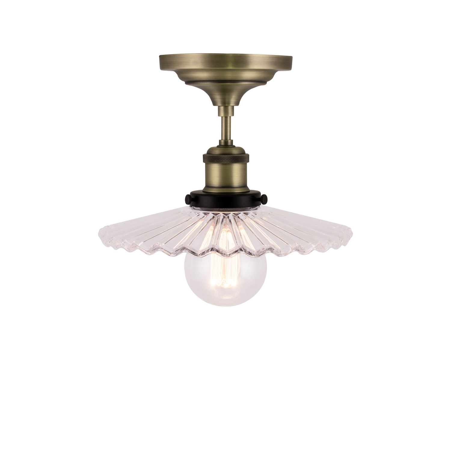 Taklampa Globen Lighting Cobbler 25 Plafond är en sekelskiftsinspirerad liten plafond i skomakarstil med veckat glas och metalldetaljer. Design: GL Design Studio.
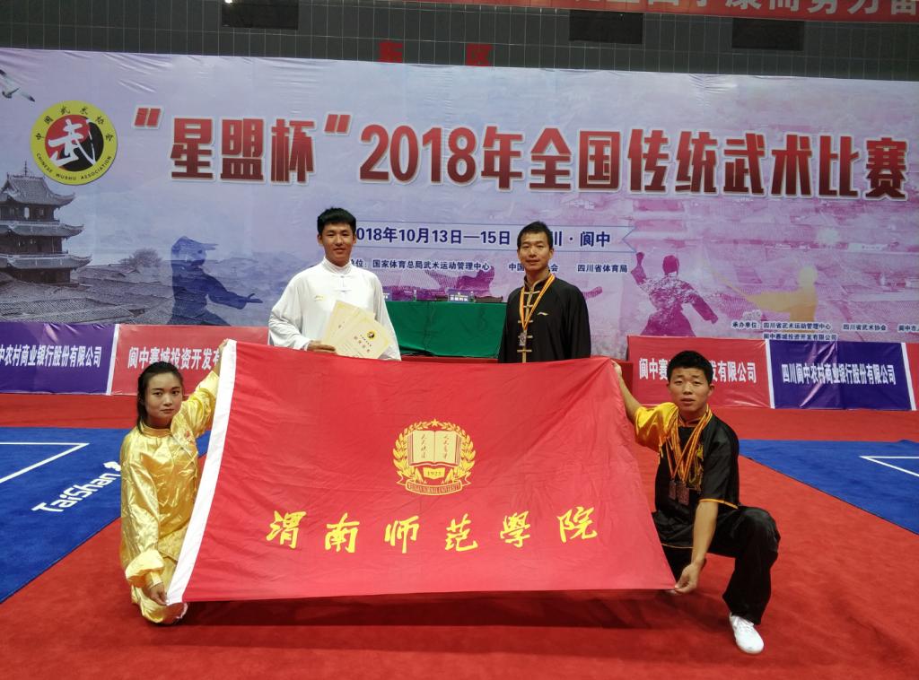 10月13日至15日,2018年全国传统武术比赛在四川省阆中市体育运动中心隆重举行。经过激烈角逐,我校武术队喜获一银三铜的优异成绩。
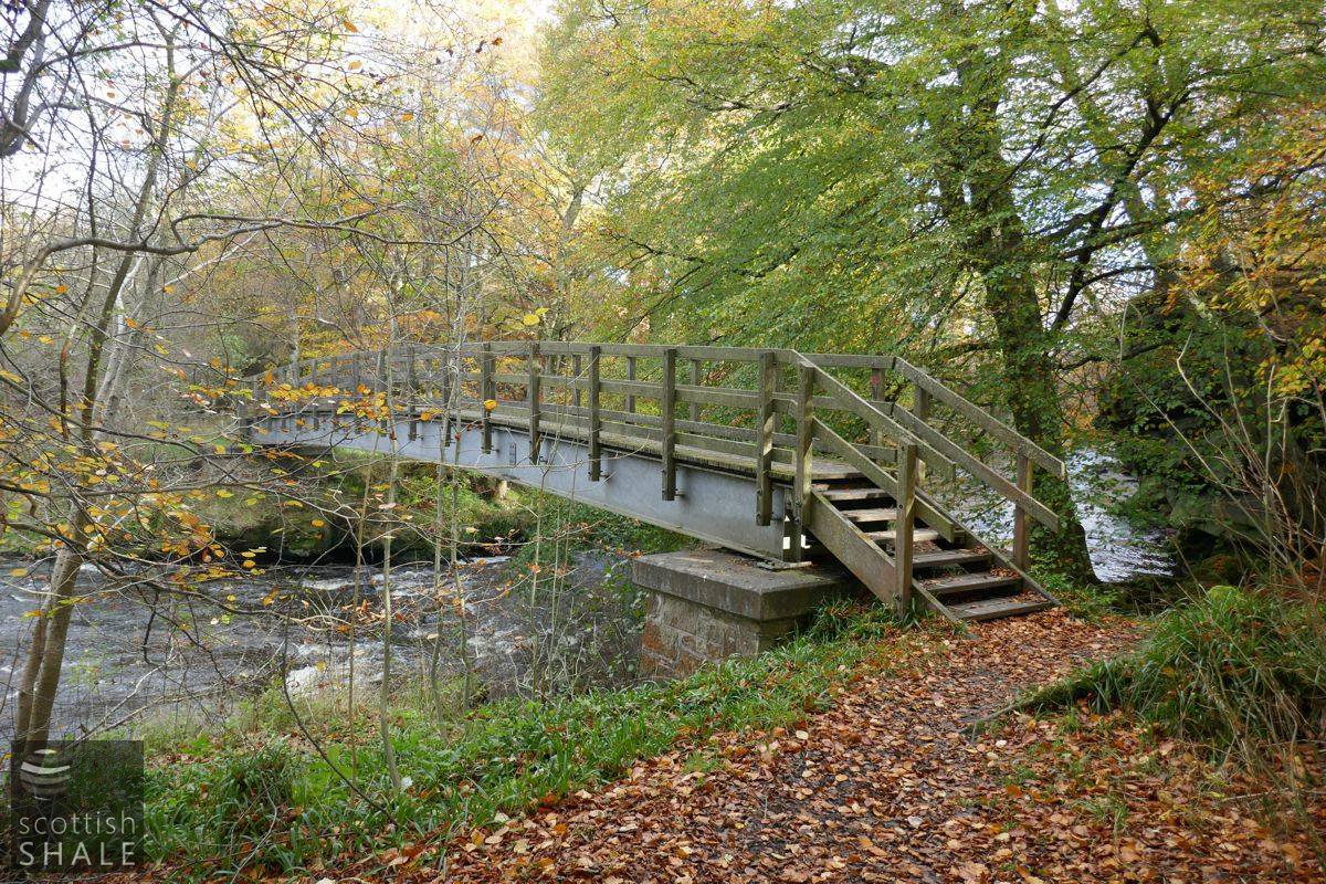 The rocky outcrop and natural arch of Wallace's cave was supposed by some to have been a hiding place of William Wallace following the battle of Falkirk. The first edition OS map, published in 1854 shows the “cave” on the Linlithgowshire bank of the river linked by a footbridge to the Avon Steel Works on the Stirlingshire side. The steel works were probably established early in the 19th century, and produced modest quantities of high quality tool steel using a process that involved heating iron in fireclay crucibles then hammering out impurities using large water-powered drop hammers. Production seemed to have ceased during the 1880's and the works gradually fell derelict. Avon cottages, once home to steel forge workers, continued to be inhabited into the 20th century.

--

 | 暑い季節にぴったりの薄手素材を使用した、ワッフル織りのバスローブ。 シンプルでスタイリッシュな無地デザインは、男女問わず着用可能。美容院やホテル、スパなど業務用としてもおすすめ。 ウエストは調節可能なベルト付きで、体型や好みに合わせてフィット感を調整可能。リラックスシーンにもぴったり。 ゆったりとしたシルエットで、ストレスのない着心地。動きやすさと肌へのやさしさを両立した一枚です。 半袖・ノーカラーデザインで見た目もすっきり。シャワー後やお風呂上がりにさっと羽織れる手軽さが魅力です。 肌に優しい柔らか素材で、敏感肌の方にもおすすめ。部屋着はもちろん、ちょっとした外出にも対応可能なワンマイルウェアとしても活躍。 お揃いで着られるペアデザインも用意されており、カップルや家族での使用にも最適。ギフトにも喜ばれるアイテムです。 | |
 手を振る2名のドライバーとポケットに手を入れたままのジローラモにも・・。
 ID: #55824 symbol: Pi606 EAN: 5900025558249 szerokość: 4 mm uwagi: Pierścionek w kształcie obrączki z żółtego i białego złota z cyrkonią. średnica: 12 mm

• EXERCISE AIM
Your copy should hold only the lines above from the one containing "Taklampa Globen Lighting" through the one containing "10月13日至15日,201", exactly as written and free of pictures.

• ANSWER TO THIS PROBLEM
 Taklampa Globen Lighting Cobbler 25 Plafond är en sekelskiftsinspirerad liten plafond i skomakarstil med veckat glas och metalldetaljer. Design: GL Design Studio.
 10月13日至15日,2018年全国传统武术比赛在四川省阆中市体育运动中心隆重举行。经过激烈角逐,我校武术队喜获一银三铜的优异成绩。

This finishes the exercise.